== Segment start ==
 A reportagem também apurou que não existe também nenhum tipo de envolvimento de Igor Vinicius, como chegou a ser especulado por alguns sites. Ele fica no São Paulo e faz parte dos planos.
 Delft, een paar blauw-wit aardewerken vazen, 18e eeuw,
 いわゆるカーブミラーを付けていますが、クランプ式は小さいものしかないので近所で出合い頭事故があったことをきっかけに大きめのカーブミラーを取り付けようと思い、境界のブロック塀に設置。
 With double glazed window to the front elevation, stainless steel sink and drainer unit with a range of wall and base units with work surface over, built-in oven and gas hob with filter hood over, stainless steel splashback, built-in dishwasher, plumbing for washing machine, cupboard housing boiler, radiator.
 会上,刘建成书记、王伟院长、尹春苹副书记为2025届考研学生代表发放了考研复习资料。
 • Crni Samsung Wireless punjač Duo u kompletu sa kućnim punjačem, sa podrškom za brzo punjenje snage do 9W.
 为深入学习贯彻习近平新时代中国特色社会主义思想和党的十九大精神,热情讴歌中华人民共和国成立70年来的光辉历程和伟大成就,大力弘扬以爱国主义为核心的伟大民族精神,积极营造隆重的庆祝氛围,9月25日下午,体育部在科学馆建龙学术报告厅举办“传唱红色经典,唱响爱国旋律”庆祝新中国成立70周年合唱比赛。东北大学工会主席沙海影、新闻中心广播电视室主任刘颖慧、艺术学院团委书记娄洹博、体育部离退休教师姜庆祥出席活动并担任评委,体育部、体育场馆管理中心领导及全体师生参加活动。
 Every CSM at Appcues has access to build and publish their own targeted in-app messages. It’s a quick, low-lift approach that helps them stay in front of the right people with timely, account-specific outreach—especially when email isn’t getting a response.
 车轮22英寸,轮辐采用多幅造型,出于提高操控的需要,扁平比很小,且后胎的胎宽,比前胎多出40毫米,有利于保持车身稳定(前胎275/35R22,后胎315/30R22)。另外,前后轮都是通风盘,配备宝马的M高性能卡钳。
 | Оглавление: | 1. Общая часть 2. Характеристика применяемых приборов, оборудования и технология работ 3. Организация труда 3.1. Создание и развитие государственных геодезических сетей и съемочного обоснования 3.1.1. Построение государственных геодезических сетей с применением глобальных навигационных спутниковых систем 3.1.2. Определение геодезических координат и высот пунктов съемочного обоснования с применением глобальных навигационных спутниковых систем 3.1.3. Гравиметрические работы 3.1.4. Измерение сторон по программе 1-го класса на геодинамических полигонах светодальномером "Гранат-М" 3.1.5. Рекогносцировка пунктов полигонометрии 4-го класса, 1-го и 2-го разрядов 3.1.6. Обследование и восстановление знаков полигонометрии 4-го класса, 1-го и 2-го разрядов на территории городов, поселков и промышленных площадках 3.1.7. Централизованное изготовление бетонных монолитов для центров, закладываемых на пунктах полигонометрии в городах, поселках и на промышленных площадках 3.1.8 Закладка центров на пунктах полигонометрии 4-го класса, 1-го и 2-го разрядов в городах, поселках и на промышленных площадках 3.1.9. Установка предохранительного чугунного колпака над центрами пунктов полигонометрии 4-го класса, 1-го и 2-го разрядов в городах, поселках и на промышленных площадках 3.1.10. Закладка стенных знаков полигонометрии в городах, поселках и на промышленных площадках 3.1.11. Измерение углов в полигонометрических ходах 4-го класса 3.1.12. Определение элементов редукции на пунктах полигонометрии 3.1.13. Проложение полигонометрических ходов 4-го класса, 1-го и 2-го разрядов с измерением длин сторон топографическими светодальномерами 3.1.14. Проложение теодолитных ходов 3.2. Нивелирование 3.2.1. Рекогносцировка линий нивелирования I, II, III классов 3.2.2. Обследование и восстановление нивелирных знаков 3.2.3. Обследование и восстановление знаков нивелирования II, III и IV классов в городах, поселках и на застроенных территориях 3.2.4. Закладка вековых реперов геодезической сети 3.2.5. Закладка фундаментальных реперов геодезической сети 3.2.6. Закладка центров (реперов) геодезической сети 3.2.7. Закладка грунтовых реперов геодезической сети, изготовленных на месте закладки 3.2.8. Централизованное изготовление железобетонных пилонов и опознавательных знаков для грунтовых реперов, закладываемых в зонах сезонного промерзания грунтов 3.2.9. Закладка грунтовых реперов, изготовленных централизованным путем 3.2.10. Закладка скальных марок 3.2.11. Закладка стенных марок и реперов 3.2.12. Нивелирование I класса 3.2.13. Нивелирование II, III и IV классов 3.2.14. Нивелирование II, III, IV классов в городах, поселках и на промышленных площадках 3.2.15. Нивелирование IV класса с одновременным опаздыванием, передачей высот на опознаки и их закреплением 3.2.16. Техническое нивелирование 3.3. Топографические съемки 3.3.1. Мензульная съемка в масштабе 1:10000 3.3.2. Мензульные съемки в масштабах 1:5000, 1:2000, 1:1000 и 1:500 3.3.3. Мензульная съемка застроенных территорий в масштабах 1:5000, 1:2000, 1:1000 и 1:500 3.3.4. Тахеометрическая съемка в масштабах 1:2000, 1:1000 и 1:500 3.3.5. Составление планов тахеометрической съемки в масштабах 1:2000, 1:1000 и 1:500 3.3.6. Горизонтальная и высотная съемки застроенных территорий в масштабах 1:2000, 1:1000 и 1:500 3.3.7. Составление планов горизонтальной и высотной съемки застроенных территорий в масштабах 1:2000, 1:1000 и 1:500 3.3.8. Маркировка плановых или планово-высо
== Segment end ==
What the task requires: The answer should hold only the lines from the start of the records above through the line containing "With double glazed", each set down exactly.

Problem solution:
 A reportagem também apurou que não existe também nenhum tipo de envolvimento de Igor Vinicius, como chegou a ser especulado por alguns sites. Ele fica no São Paulo e faz parte dos planos.
 Delft, een paar blauw-wit aardewerken vazen, 18e eeuw,
 いわゆるカーブミラーを付けていますが、クランプ式は小さいものしかないので近所で出合い頭事故があったことをきっかけに大きめのカーブミラーを取り付けようと思い、境界のブロック塀に設置。
 With double glazed window to the front elevation, stainless steel sink and drainer unit with a range of wall and base units with work surface over, built-in oven and gas hob with filter hood over, stainless steel splashback, built-in dishwasher, plumbing for washing machine, cupboard housing boiler, radiator.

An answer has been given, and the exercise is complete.